The power supply turned on, but just hooking a fan to it would tell you that, I doubt it's going to be the CPU.


----------



## wizdro (May 6, 2009)

wrench97 said:


> The power supply turned on, but just hooking a fan to it would tell you that, I doubt it's going to be the CPU.


Wait, wrench97, please clarify. You mean I can test the Cpu/mobo without switching out Cpu's? If this is true, I would really like to know for sure.
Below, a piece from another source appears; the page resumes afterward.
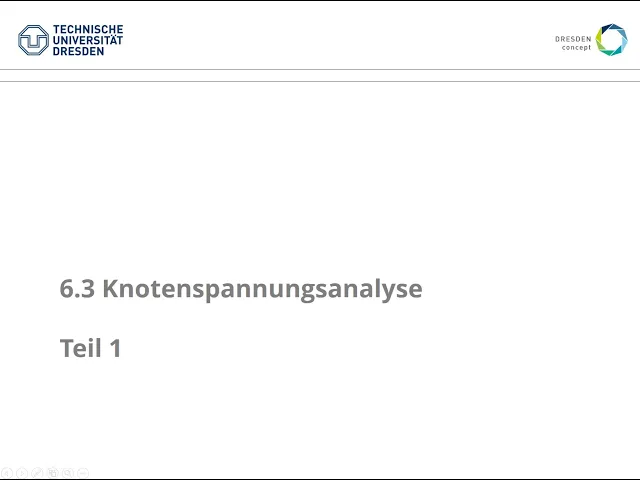 ja herzlich willkommen zum Kapitel 6. 3 das trägt den Titel knotenspannungsanalyse und die knotenspannungsanalyse ist eines der wichtigsten Verfahren der Elektrotechnik zu Analyse von Schaltungen und die knotenspannungsanalyse bildet unter anderem die Grundlage der computergestützten Analyse Software Spice und deswegen werden wir hier also auch diese umfangreiche Kapitel diesen Verfahren widmen und bevor wir so richtig loslegen müssen wir am Anfang ein paar Begrifflichkeiten noch einmal einführen wir brauchen den Begriff des bezugsknotens und ein bezugsknoten ist ein Knoten im Netzwerk der erst einmal willkürlich gewählt werden kann wie es hier steht es bietet sich aber an einen Knoten zu wählen der mit möglichst vielen Zweigen verbunden ist das verringert später dann den Rechenaufwand und ein Knoten der eine Regel mit sehr vielen Zweigen verbunden ist ist der massek deswegen werden wir jetzt auch in den zukünftigen Beispielen die wir diskutieren als bezugsknoten in der Regel die Masse wählen der zweite Begriff den wir klären müssen ist was ist eigentlich eine knotenspannung und da bekommt er das Verfahren seinen Namen eine knotenspannung ist die Spannung zwischen einem beliebigen Knoten im Netzwerk und dem bezugsknoten da schauen wir uns das hier mal an Beispiel an in dieser Skizze die sehen hier so einen netzwerkzweig und schraffiert sei jetzt einfach ein beliebiger zweipol der diesen netzwerkzeug beschreibt und die Knoten sind hier mit M und N entsprechend bezeichnet der bezugsknoten wird in der Regel mit 0 bezeichnet und die knotenspannungen sind jetzt also die Spannungen also die Potenzial Differenzen zwischen dem jeweiligen Knoten also m oder n und dem bezugsknoten und hinsichtlich der Bezeichnung der Knoten Spannungen verwenden wir jetzt also die Konvention um 0 ist jetzt also die minutenspannung gerichtet vom Knoten m zum bezugsknoten 0 und das Schöne ist wenn wir die knotenspannungen im Netzwerk kennen können wir alle weiteren zweigspannungen durch diese knotenspannungen ausdrücken in diesem Fall also die zweigspannung UN also das Spannungsabfall vom Knoten m zum Knoten n lässt sich jetzt durch die knotenspannungen wie folgt ausdrücken naja bilden sie hier gedanklich mal eine Masche das haben wir aus diesen drei Spannungen besteht ein geschlossenen Umlauf dann ist also die zweitspannung umn die Differenz der Knoten Spannungen un 0 - u null und diese knotenspannungen werden wir jetzt also zunächst einmal für das Beispiel aus dem Kapitel 6. 2 einführen das heißt wir werden jetzt ja auch bei der knotenspannung ist Analyse wieder das Beispiel aus Kapitel 6.

My replacement was delayed, so being able to isolate the problem now would be a huge help.


----------



## Wrench97 (May 10, 2008)

Swapping is the easiest and best but there are some steps listed at the bottom of this guide for checking the board with a multitmeter> http://www.techsupportforum.com/f210/test-your-power-supply-with-a-multi-meter-151526.html

You almost never see a CPU go bad unless it over volted in bad over clock or takes a power surge but then it'll be more then the CPU that's burnt.


----------



## Phædrus241 (Mar 28, 2009)

I have only ever heard of one Intel CPU actually dying from something other than a catastrophic PSU failure or damage during installation, and that was after an inexpert overclocker pushed 1.7V through a 45nm CPU rated for 1.45V max. CPU failure under normal circumstances is extremely rare.


----------